2. Independent review panel– This stage is to appeal to the Strategic Heath Authority’s independent review panel (IRP). The appeal must be done on the basis that the procedure used to reach the decision was wrong or that the Decision Support tool was not applied correctly. If the NHS review maintains the original decision, you can ask for the case to be referred to NHS England’s independent review panel (IRP). You can also apply directly to the IRP if the local resolution stage is taking too long. However, the IRP process is also characterised by long delays and you should be prepared for a long wait. To be clear, The IRP has an advisory role and can only offer guidance on the validity of the NHS decision and Whether the NHS correctly applied the national framework criteria. Nevertheless, NHS CCGs should accept IRP decisions in all but exceptional cases.
3. Ombudsman -The final stage of the appeal is the Health Service Ombudsman. An Ombudsman is able to investigate a complaint and/or ask the PCT to review the case again.
It is important to recognise that the dispute resolution process can only address whether the national framework and guidance (including the completed continuing care decision support tool) has been applied correctly in each case. Concerns about the type of care, or the location of the care package, are addressed by a separate process.
To help maximise your chances of getting a good result, during the assessment and the appeals process, consider the following:
- Ask the PCT to ensure you are given the opportunity to see the full Decision.
- Complete a Decision Tool in order to compare their assessment and that of a professional.

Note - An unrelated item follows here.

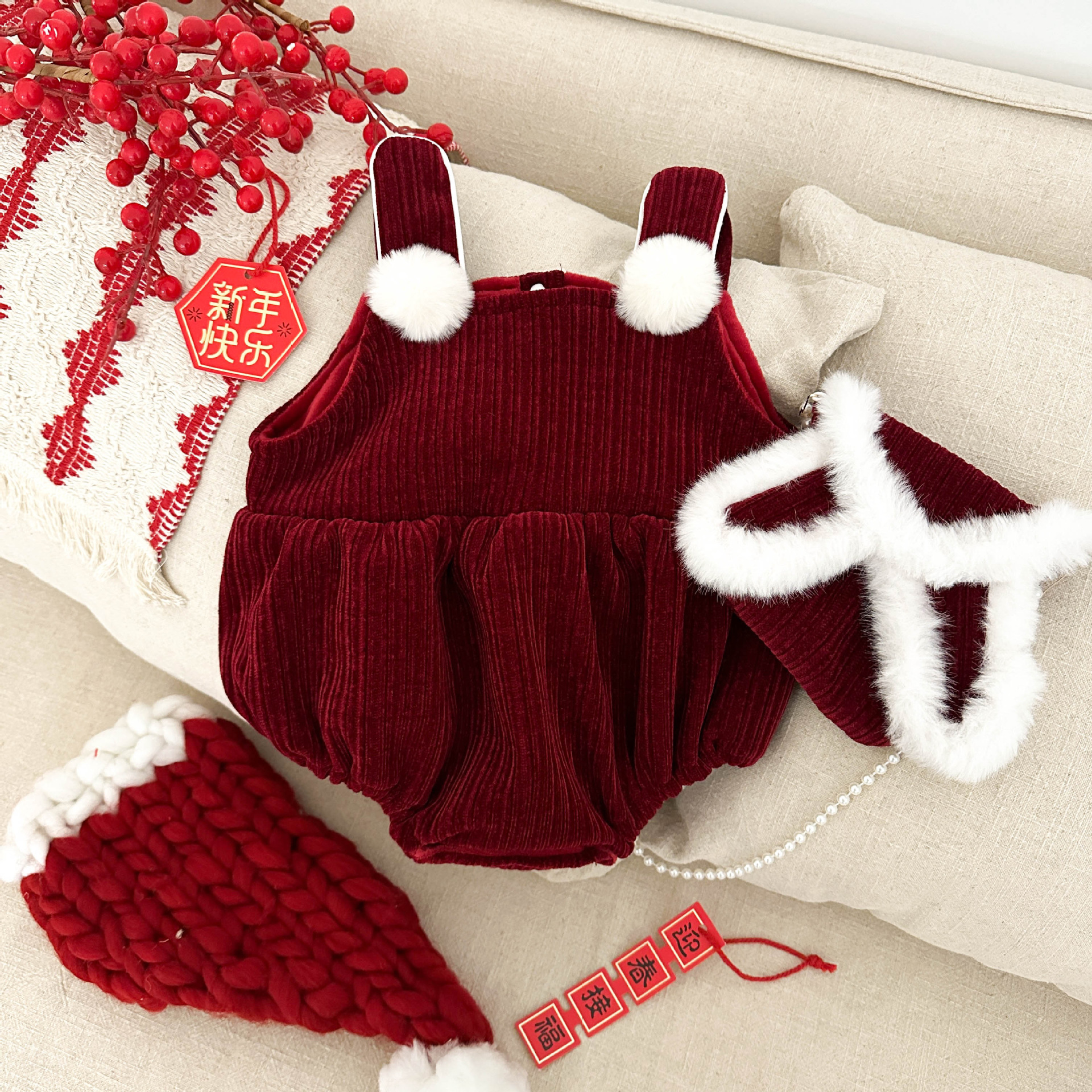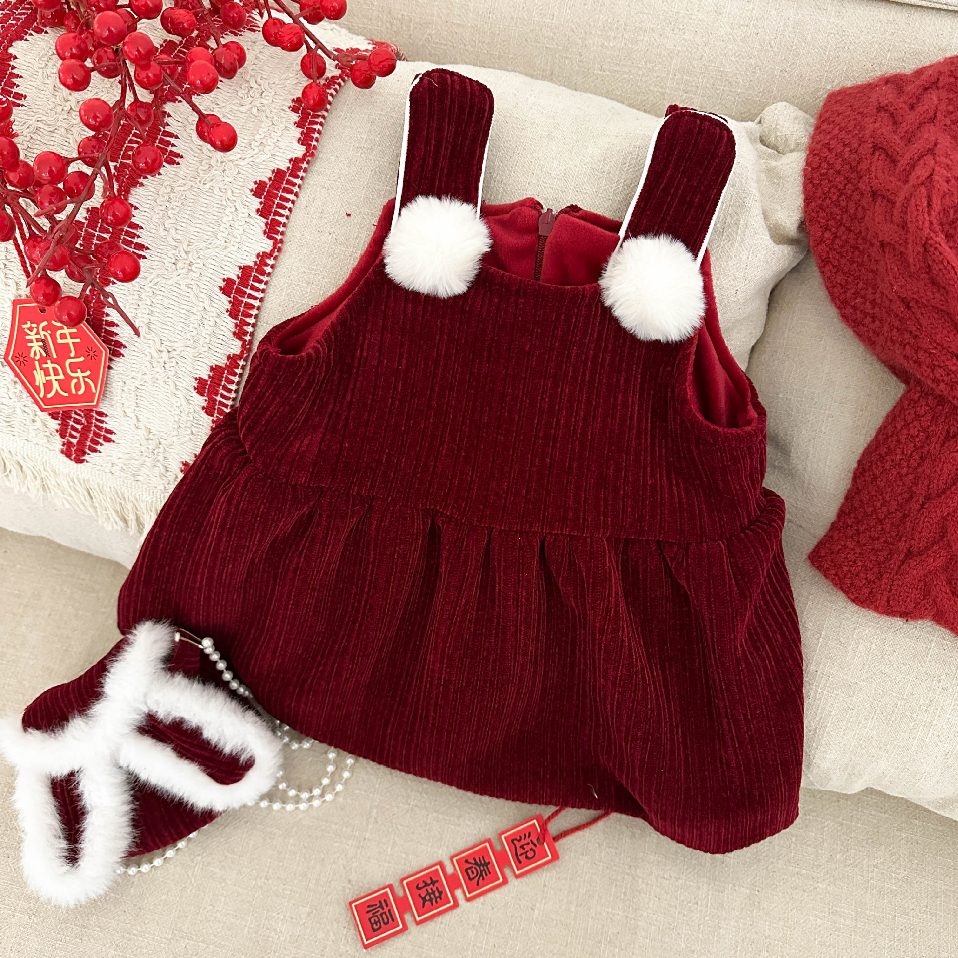 아기의 가을과 겨울 옷 아기 소녀의 외출 기모 포장 의류 크리스마스 원피스 세트 겨울 새해 인사말 옷

- Have a journal of the patient’s day to day life over a long term period. E.g up to a month. This c can be shown to an assessor or to an appeals board in order to see problems that are experienced consistently over a period of time. The assessor when he or she is doing the assessment will only have a snapshot picked up in the hour or so of the assessment.
- Request medical records from various bodies involved in the care of the person e.g. the hospital or the GP.
- Ensure that all relevant reports have been obtained from specialists and are accurate.
- Make sure you deal with any time-deadlines for reassessments/other deadlines. In March 2012 the Department of Health announced some changes to timescales for appealing NHS Continuing Care decisions. Since 1 April 2012 people have 6 months from the date of a decision to begin an appeal with the PCT concerned. The PCT will then have 3 months to conduct the review. The person will then have 6 months to begin an appeal with the SHA. The SHA will then have 3 months to conduct the review.
- Keep the information orderly. A neat file, with telephone attendance notes, care notes, reports split will make your chances of success much more possible
- Try to be detached as much as possible .It is difficult, but being mentally strong and positive you have a greater chance of success.
- Finally, maintain the faith. It is a difficult and timely process but people who hang in there can succeed. The well documented case of Coughlan changed the law. The ruling made it that it was the responsibility of the health service to look after someone with severe medical problems. No savings and assets came into the equation in seeing who picks up the bill..
Justin Patten is principal at Human Law and is a solicitor and a mediator on elderly client issues.